Well, that's how I compare things, as per the purple-prose example above. I'll put the board I intend to use in the first column as my master, and that way the component numbering is more easily followed if I mod something to have another circuits' values. While I'm building I can refer back to my table & notes easily, helps cut down on mistakes creeping in while making mods.

For the table, inserting a line break every 5 or 10 rows on large tables makes it easier on the eyes and easier to find/keep-track of component values and reduces errors.
A single or double line break goes between each type of component: resistors and caps, pots, ICs.
Sometimes I'll even alternate the background colour if it's a big table, again helping keep things organised visually.

Caps is usually where I find more variance between schematics, resistors less so. Differences in pot tapers are common, and pot values too.
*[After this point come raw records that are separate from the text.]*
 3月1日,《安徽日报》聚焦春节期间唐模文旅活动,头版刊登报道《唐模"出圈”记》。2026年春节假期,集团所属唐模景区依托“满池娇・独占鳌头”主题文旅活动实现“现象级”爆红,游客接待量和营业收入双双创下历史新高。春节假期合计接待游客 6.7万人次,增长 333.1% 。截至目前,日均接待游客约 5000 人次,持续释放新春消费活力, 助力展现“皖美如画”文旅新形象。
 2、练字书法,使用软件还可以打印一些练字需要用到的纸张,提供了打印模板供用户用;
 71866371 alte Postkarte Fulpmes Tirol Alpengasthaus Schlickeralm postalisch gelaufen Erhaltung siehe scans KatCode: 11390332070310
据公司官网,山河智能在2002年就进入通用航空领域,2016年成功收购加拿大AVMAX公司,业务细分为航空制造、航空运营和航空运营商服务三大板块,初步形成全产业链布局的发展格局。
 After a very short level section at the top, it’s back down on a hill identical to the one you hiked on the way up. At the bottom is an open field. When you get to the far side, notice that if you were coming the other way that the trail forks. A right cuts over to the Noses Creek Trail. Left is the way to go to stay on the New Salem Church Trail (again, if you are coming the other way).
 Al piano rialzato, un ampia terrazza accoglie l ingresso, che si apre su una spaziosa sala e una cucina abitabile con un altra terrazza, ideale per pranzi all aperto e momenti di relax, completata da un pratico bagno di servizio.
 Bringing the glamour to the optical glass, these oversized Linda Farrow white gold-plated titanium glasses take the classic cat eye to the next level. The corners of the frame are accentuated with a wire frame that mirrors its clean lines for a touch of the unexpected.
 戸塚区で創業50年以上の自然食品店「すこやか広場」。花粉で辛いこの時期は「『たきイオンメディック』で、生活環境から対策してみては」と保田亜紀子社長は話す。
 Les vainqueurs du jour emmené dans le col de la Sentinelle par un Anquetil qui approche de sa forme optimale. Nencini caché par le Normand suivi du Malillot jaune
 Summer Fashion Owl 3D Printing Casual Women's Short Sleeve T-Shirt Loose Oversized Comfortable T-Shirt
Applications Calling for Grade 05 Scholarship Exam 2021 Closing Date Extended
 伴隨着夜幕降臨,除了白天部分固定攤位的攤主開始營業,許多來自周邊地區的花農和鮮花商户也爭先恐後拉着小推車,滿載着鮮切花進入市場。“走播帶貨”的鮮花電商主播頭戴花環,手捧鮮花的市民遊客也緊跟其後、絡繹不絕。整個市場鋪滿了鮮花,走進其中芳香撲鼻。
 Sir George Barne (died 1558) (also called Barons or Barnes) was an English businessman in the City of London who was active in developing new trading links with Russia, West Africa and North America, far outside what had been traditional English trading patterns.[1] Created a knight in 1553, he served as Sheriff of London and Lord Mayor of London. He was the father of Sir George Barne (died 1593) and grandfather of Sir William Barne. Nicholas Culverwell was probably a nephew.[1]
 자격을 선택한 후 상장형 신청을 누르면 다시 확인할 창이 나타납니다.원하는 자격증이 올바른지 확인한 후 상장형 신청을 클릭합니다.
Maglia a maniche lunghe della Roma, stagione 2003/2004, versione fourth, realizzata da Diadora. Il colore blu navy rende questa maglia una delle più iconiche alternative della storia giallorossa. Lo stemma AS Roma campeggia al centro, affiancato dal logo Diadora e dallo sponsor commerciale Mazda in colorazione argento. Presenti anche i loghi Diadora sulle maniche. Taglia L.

Anyway, I found it interesting that just comparing the first few components between two PCB suppliers' schematics has already turned up several anomalies. Which supplier is correct about which is the "Bright" and which is the "Normal" channel? I don't know, I haven't compared the above two schematics/circuits completely yet, nor compared them to the original "Model T" schematic. Does it even matter that they differ as to which JFET gets the resistor/cap while the other channel's JFET goes straight to ground if both circuits work and each Bright channel sounds more trebley than the normal channel?
Again, I don't know, I'm not a circuit designer.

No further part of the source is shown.